Joint Centre for Mesoscale Meteorology (JCMM)


JCMM Internal Report No.71
Sensitivity of short-range weather forecasts to local potential vorticity modifications
by Meral Demirtas and Alan J Thorpe

The use of potential vorticity concepts to understand extra-tropical cyclones, anticyclones and fronts is important not only for reconciling theory with observations, but also for delineating measurements necessary to improve the accuracy of short range forecasts.  As yet, potential vorticity thinking has been insufficiently applied to weather forecasting.  This report presents a new method, to use potential vorticity ideas by combining them with satellite water vapour imagery in a manner that has not been documented before.  The aim of this method is to test sensitivity of short-range weather forecasts to local potential vorticity modifications.  It also aims to monitor incipient errors in short range weather forecasting and to provide dynamically consistent data to re-run potentially poor forecasts.  By using PV concepts one can infer additional atmospheric flow and temperature data which cannot otherwise be simply derived from the water vapour data.  In this way dynamical concepts add considerable value to the water vapour data which by themselves would probably not have as significant a forecast impact.
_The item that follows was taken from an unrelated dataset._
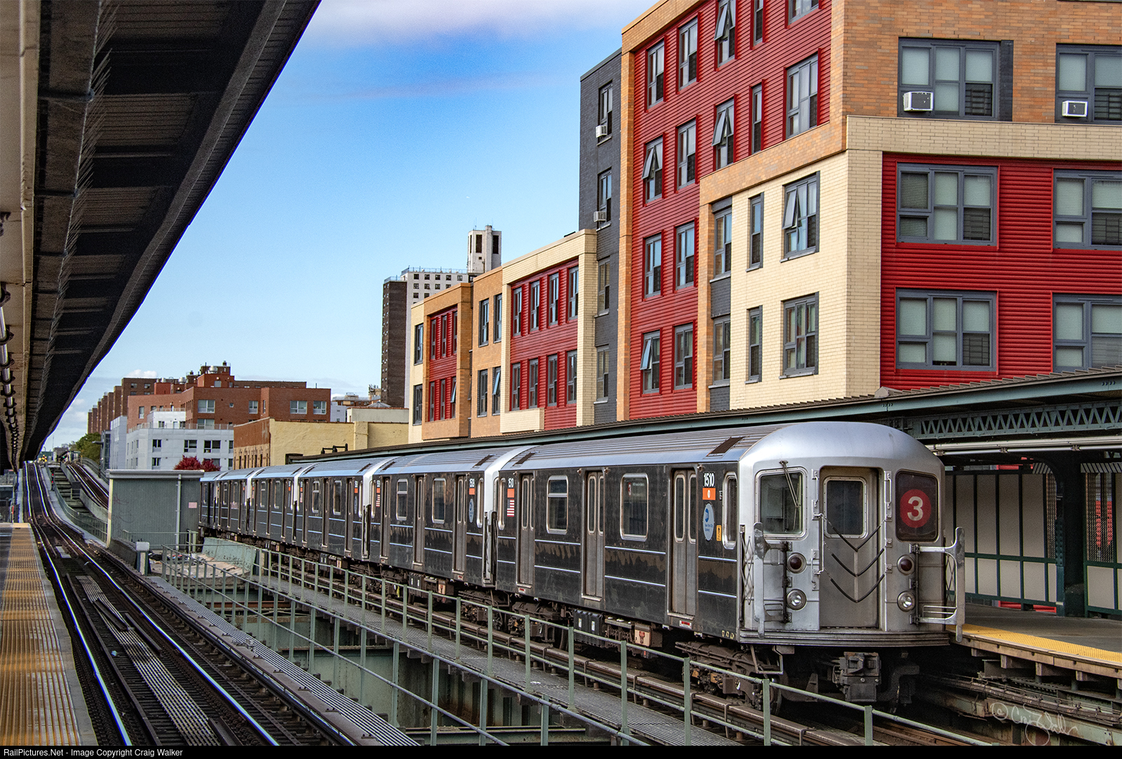 A New York City Transit 3 Train departs the Pennsylvania Avenue Station, in Brooklyn, on its way from Brooklyn to Harlem. This train is made up of Kawasaki R62 cars, with NYCT 1565 leading and NYCT 1510 trailing. (New York, New York – October 31, 2023)

Case studies in which the new method is used shed light on how observations and dynamical concepts could be used together to improve our understanding and ability to forecast mid-latitude weather systems.  In cases where the analysis errors occur at upper levels of the troposphere the method leads to a significant improvement in the short-range forecast skill.  In general, it is useful in highlighting where forecast problems are arising.